* _MATERIAL TO PROCESS_:
◆ ◆ ◆

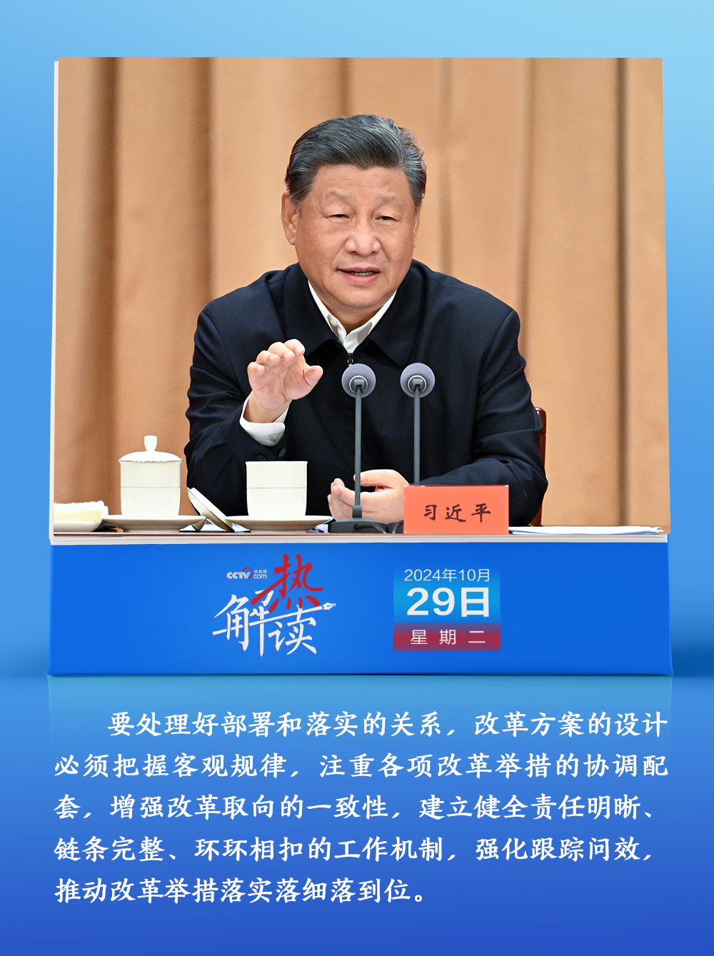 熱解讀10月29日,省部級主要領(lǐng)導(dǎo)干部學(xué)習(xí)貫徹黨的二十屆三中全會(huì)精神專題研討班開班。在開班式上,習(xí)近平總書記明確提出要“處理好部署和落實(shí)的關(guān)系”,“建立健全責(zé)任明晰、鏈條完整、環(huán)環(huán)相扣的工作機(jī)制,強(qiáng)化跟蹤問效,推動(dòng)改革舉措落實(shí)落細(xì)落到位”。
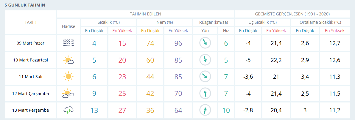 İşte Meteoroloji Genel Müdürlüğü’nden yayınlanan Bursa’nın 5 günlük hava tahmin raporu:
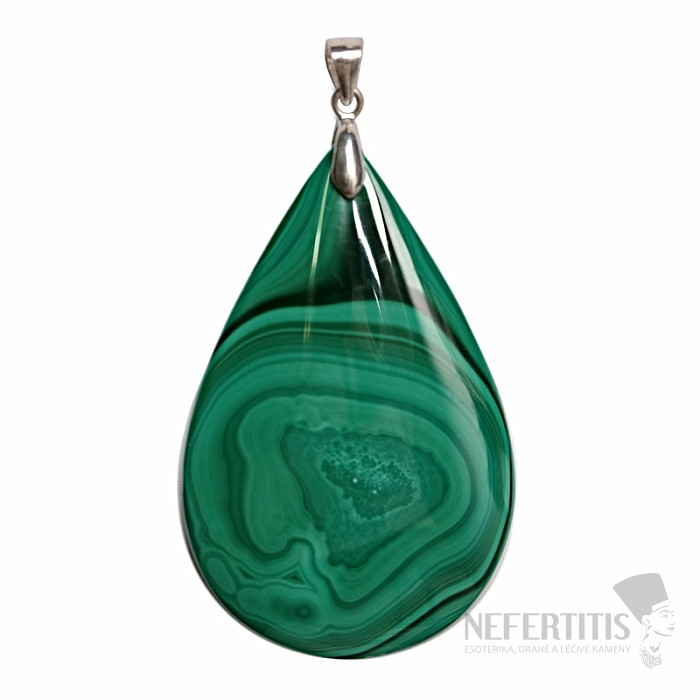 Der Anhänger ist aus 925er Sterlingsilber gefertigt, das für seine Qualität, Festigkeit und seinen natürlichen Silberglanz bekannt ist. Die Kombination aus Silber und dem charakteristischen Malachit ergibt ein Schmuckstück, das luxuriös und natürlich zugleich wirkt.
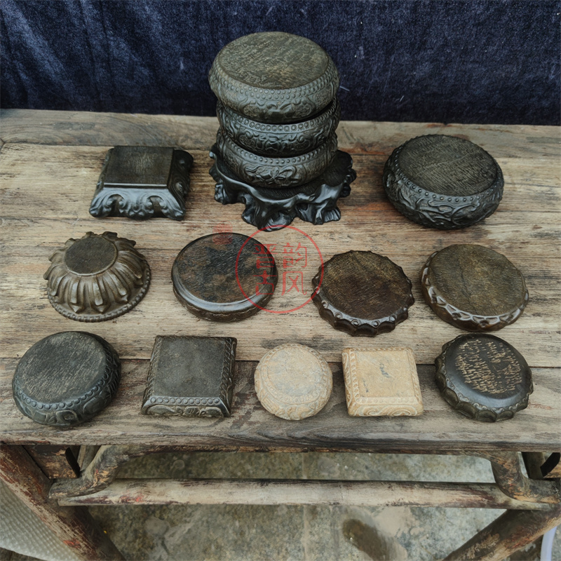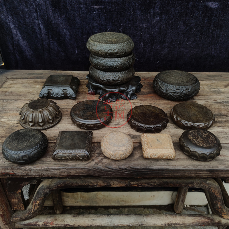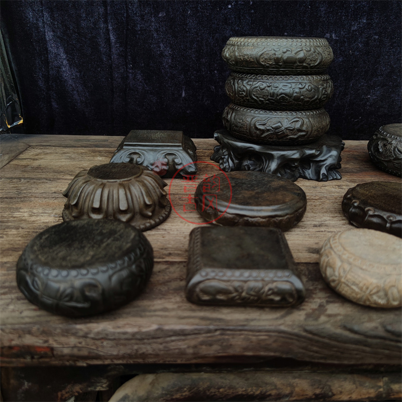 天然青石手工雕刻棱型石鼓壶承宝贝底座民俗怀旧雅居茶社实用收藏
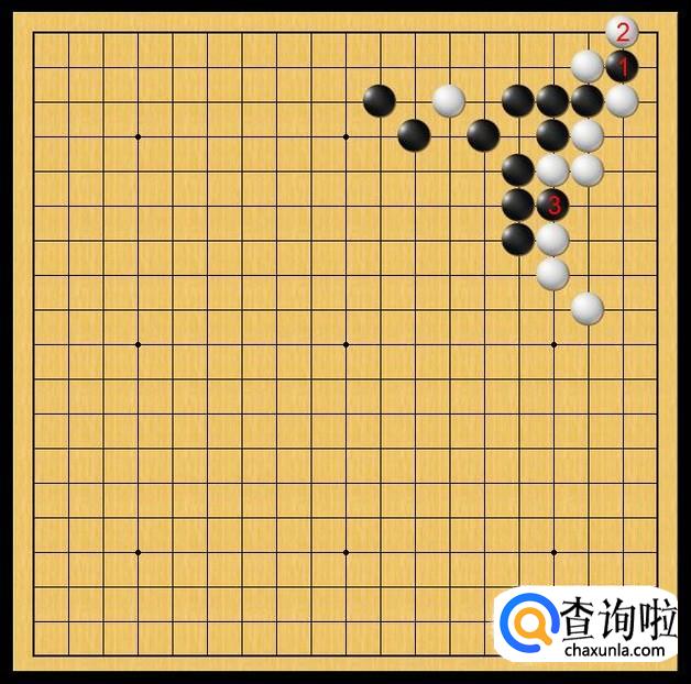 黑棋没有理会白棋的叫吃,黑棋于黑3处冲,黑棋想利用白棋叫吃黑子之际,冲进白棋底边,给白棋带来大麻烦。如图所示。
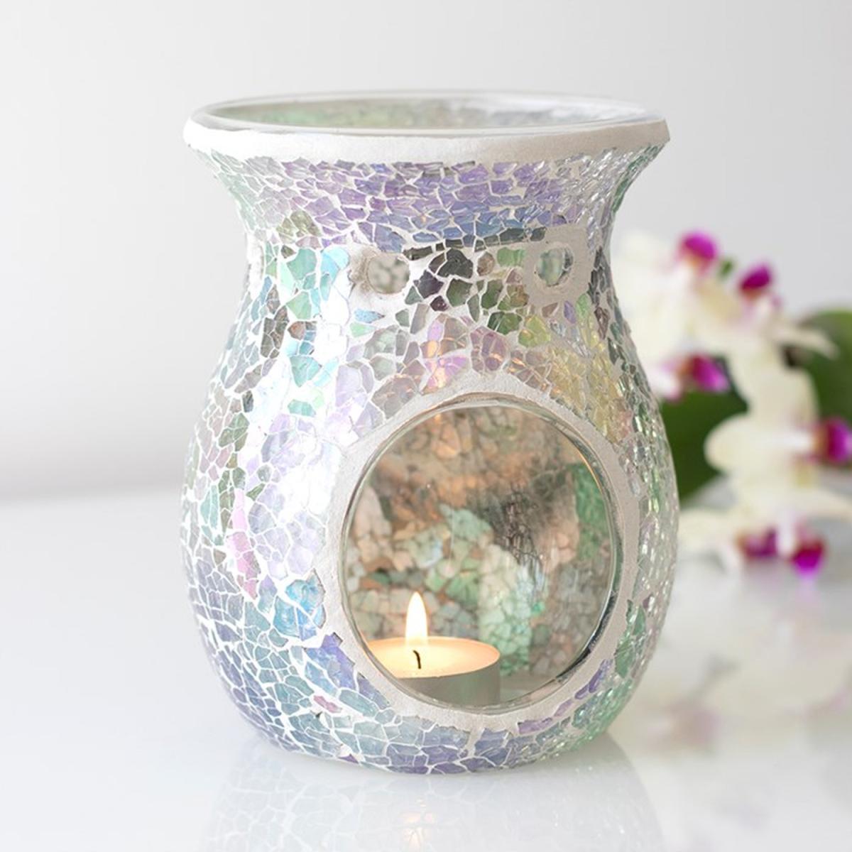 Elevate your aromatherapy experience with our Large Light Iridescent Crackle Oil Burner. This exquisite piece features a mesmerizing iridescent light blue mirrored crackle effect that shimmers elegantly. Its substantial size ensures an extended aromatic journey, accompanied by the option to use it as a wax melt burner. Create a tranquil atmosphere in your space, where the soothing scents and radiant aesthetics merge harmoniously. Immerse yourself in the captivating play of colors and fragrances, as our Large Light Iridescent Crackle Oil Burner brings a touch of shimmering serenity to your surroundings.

◆ ◆ ◆

* _WORK TASK_: Restate word for word the lines of the data above that begin at the line with "天然青石手工雕刻棱型石鼓壶承宝贝底座民俗怀旧雅居茶社实用收藏" and end at the line with "黑棋没有理会白棋的叫吃,黑棋", keeping both ends and dropping every picture.

* _COMPLETED TASK_:
 天然青石手工雕刻棱型石鼓壶承宝贝底座民俗怀旧雅居茶社实用收藏
 黑棋没有理会白棋的叫吃,黑棋于黑3处冲,黑棋想利用白棋叫吃黑子之际,冲进白棋底边,给白棋带来大麻烦。如图所示。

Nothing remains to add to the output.